Por outro lado, diz um experiente gestor que pediu anonimato, essa medida pega o especulador, mas também pode prejudicar o exportador brasileiro, que já se acostumou a acessar o mercado futuro de moeda para antecipar receitas e, agora, pode encontrar um dólar futuro em queda (afinal há um aumento de oferta).

Outra consequência levantada é que, ao mexer na posição vendida dos bancos, o BC pode acabar influenciando o mercado de casado (dólar pronto contra futuro). Nesse ponto, vale lembrar que a formação da taxa de câmbio no Brasil se dá no mercado futuro, pois é esse mercado que concentra a liquidez e tem menos restrições aos participantes. Então, todas as operações são formatadas no mercado futuro e repassadas aos bancos para (quando necessário) ocorrerem liquidações no mercado à vista.

Se a incerteza cresce nesse mercado de intermediação, diz o especialista, o BC pode passar a encontrar dificuldades em fazer suas atuações, pois os bancos não venderão moeda a ele se estiverem incertos quanto ao preço justo do dólar casado.

No fim das contas, diz o gestor, o BC pode ter sua capacidade de absorver fluxos externos prejudicada, o que acabaria dando mais força ao real.

Outro questionamento que continua rondando as mesas não tem nada de técnico.

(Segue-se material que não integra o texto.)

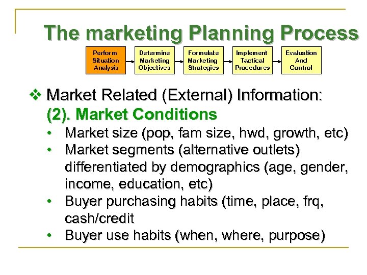 The marketing Planning Process Perform Situation Analysis Determine Marketing Objectives Formulate Marketing Strategies Implement Tactical Procedures Evaluation And Control v Market Related (External) Information: (2). Market Conditions • Market size (pop, fam size, hwd, growth, etc) • Market segments (alternative outlets) differentiated by demographics (age, gender, income, education, etc) • Buyer purchasing habits (time, place, frq, cash/credit • Buyer use habits (when, where, purpose)
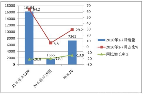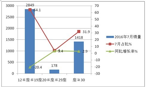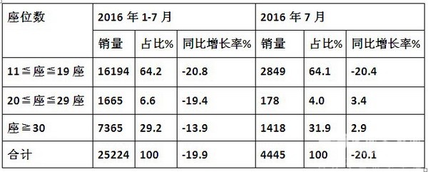 2)按座位数划分分析2016年7月及1-7月客车出口结构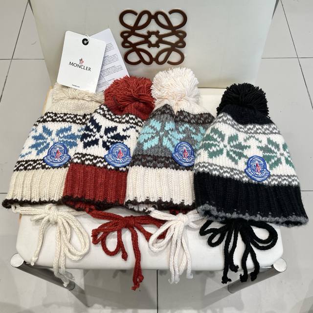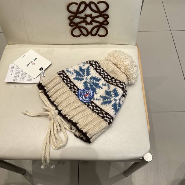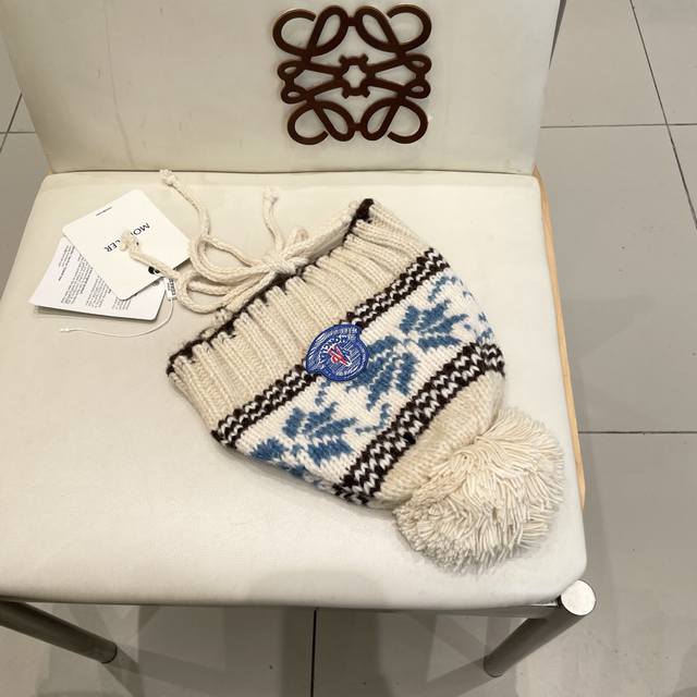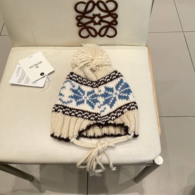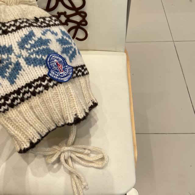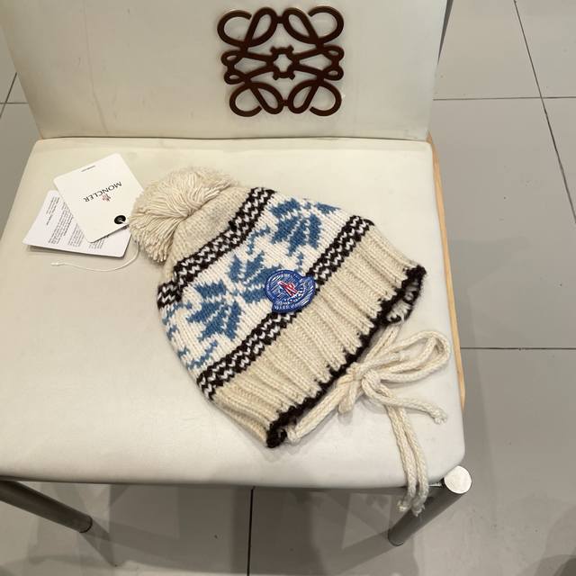 / Moncler retro jacquard warm knitted hat for women 2025 autumn and winter casual

É a percepção de que novas medidas restritivas podem ser anunciadas, ainda mais se o dólar seguir o que para alguns é sua trajetória natural de baixa.

Para alguns investidores, se o BC se engajar nessa luta e seguir anunciando medidas, será formado um quadro de claro retrocesso no processo de abertura cambial que está em curso ao longo dos últimos anos.

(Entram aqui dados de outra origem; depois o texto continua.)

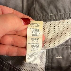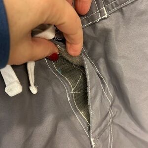 Gap men’s colorblock swim trunks, pockets, mesh lining, grey/orange, sz XL

Dentro de um ambiente de incerteza, qualquer ruído cresce e vira uma "quase verdade", que na dúvida leva o investidor a rever posições. É esse tipo coisa que alguns operadores notam não apenas no câmbio, onde a frase de ordem para alguns é "ficar fora ou comprado, vendido não dá". Mas também na formação de posições em outros ativos como bolsa de valores, onde se teme o Imposto sobre Operações Financeiras (IOF) sobre renda variável.

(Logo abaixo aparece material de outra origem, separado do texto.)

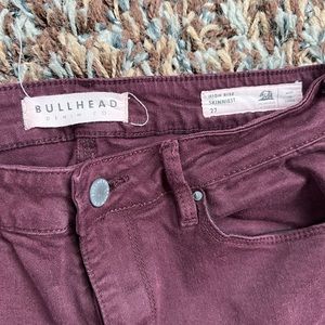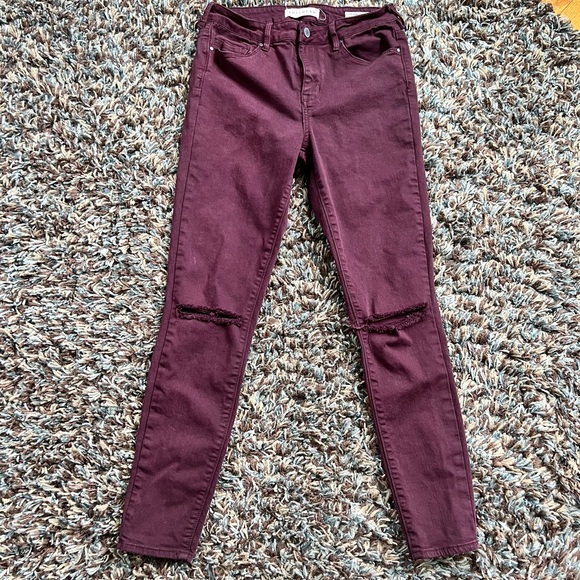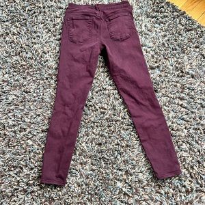 Excellent condition, length 27 inches, waist 28, high rise skinniest distressed jeans,maroon in color

De volta à sexta-feira, após três dias seguidos de alta, um alerta no ministro da Fazenda e uma medida do Banco Central, o preço do dólar ajustou para baixo. Perdeu 0,11%, a R$ 1,686 (veja gráfico abaixo). Mas a moeda americana terminou a primeira semana de 2011 acumulando alta de 1,20%.

No mercado de juros futuros, o Índice de Preços ao Consumidor Amplo (IPCA) de dezembro, em 0,63%, e de 2010, em 5,91%, não surpreendeu. Mas a resistência à queda nos núcleos (que tiram da conta preços mais voláteis) parece ter enterrado qualquer viés otimista com relação à inflação neste começo de ano.

Para janeiro e fevereiro o IPCA projetado está entre 0,65% a 0,70%. Isso reforça a percepção de alta da Selic na próxima semana e leva a curva futura a ganhar inclinação.

Se essa percepção negativa perdurar, não será surpresa ver parte dos agentes passando a colocar no preço uma alta de 0,75 ponto percentual na Selic e não mais uma abertura de ciclo com 0,50 ponto.